Спустя четыре недели отеческое наставление - как всегда, в сумерках.
Клерки ушли. Огонь в печках угасал. "Садись, Лиэндер, садись, - сказал он.
- Я говорил, что буду относиться к тебе как к сыну, если ты будешь
доверять мне и усердно работать, не так ли? Никому другому никогда этого
не говорил. Ты знаешь это, не так ли? Ты веришь мне, не так ли? Теперь я
расскажу тебе, что я имею в виду. Деловая практика меняется. Я намерен
послать коммивояжера.

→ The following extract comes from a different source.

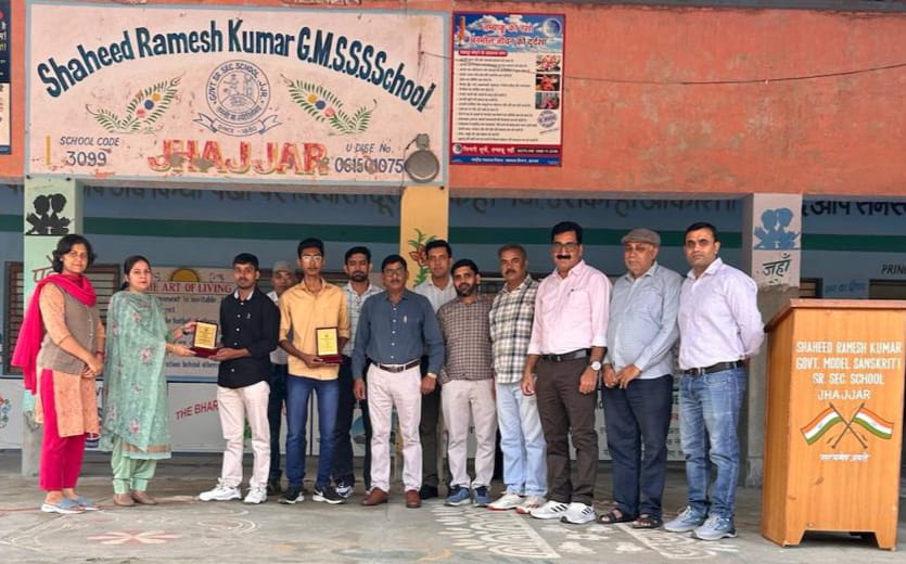 झज्जर, 06 नवम्बर, अभीतक: राजकीय मॉडल संस्कृति वरिष्ठ माध्यमिक विद्यालय झज्जर के कॉमर्स के दो विद्यार्थियों ने सीए फाऊंडेशन और इंटरमीडिएट की परीक्षा पास करके सफलता का प्रथम लहराया है। इसी सत्र में पास होकर निकले निखिल ने जहां सीए फाउंडेशन पास किया वहीं पिछले सत्र में 12वीं करने वाले शिवम ने इस बार सीए इंटरमीडिएट परीक्षा पास करके अपना और विद्यालय का नाम रोशन किया है। दोनों विद्यार्थियों का आज विद्यालय में प्रार्थना सभा में ट्रॉफी भेंट करके सम्मान किया गया। इस अवसर पर दोनों विद्यार्थियों ने विद्यालय के अपने जूनियर विद्यार्थियों को सफलता का मंत्र भी बताया और कहा कि शिक्षकों द्वारा दी जा रही शिक्षा को ध्यान से ग्रहण करना ही पहले मंत्र है तथा मेहनत से निरंतर पढ़ाई करना सफलता का दूसरा मंत्र है। विद्यालय के प्राचार्य जोगेंद्र सिंह के मार्गदर्शन में आज विद्यालय के कॉमर्स विभाग के सभी शिक्षकों के साथ दोनों विद्यार्थियों को सम्मान प्रदान किया गया। शिवम और निखिल ने अपनी सफलता का श्रेय शिक्षकों व अभिभावकों को दिया। इस अवसर पर विद्यालय के समस्त स्टाफ ने दोनों विद्यार्थियों और उनके अभिभावकों को बधाई दी। उल्लेखनीय है कि इससे पहले भी विद्यालय के अनेक विद्यार्थी अपनी सफलता से नाम रोशन कर चुके हैं।

Я хочу, чтобы этим коммивояжером стал ты. Я хочу,
чтобы ты поехал в Нью-Йорк вместо меня, моим представителем. Я хочу, чтобы
ты побывал у моих постоянных покупателей, как если бы ты был моим сыном.
Принимай заказы. Веди себя как джентльмен. Я хочу, чтобы, поехав в
Нью-Йорк, ты сознавал, что ты делаешь. Я хочу, чтобы ты сознавал, что Джей
Би Уиттьер - это больше чем деловое предприятие. Я хочу, чтобы ты считал
фирму как бы своей матерью, нашей матерью. Я хочу, чтобы ты думал о том,
что дорогая старушка нуждается в деньгах и что ты поехал в Нью-Йорк
заработать для нее немного денег. Я хочу, чтобы ты вел себя, и одевался, и
разговаривал так, словно ты представитель этой дорогой старушки. Я хочу,
чтобы, заказывая себе еду и номер в гостинице, ты тратил деньги с
сознанием того, что они все принадлежат этой старушке". Бесконечный поток
слов. Мы понимали друг друга.
Гудки ночных пароходов. Автор знает все это. Фолл-Ривер, Бангор,
Портленд, Кейп-Мей, Балтимор, озеро Эри, озеро Гурон, Сент-Луис, Мемфис,
Новый Орлеан. Плавучие дворцы. Матрасы из оболочек кукурузных початков.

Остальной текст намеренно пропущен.